A series of technology and operational errors had caused hydrogen-chlorine reaction explosions in a chorine production plant in September 2010.

On 18 September 2010 at 05:17 a section of a chlorine production plant was damaged by a series of explosions, reports the SA Process Safety Forum in a circular that does not name the operators, to encourage chemicals operators to report their incidents for the benefit of process safety and sheq practitioners.

The plant had two sets of membrane electrolysers, one set 20 years old, the other two years old. The new set of electrolysers, where the explosion occurred, is an upgraded version of the older set.
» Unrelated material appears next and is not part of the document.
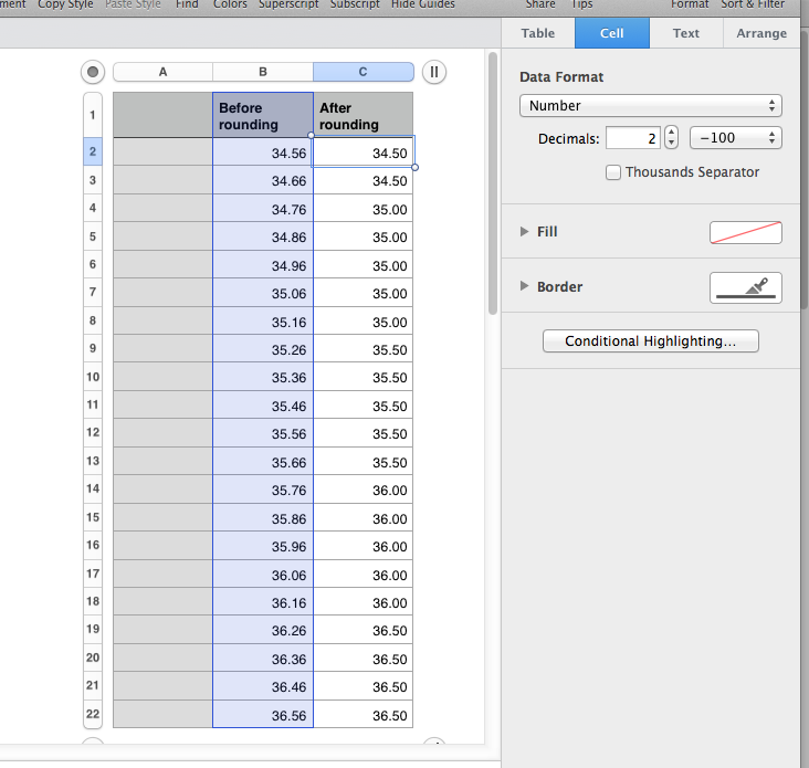 Hi I'm new with numbers but was good in excel. Now I try figure out how I can round costs in an invoice. For exampel:

Severe damage was caused to fiberglass vessels and piping. Electrical cables were damaged by debris. No injuries or emissions occurred.

Incident analysis

Hydrogen is produced as a co-product in the chlor-alkali process. Hydrogen and chlorine react explosively at a certain ratio. A number of contributing factors were revealed;

• Hydrogen had mixed with chlorine due to torn membranes.
• The mixture could rise to an explosive ratio.
• Operators did not detect, or did not react, to torn membranes, despite a number of signs being evident.
• Pressure fluctuations, causing ‘tears’, were not detected or not acted on.
• Seal tank to emergency scrubber.
• Empty seal, and faulty level transmitter.
• Explosion limit meter could not work properly due to lines under vacuum.
• Operator discipline was lacking.
• Poor communication from supplier of new technology.
• Operational and maintenance differences were insufficiently understood or planned for.

Incorrect assumptions

Management and operators had assumed that the old and new technology risk was low, due to operating a chlor alkali plant for 17 years. The recent modification was in replacing outdated electrolysers with modern electrolysers, incorporating activated nickel cathodes, two years ago.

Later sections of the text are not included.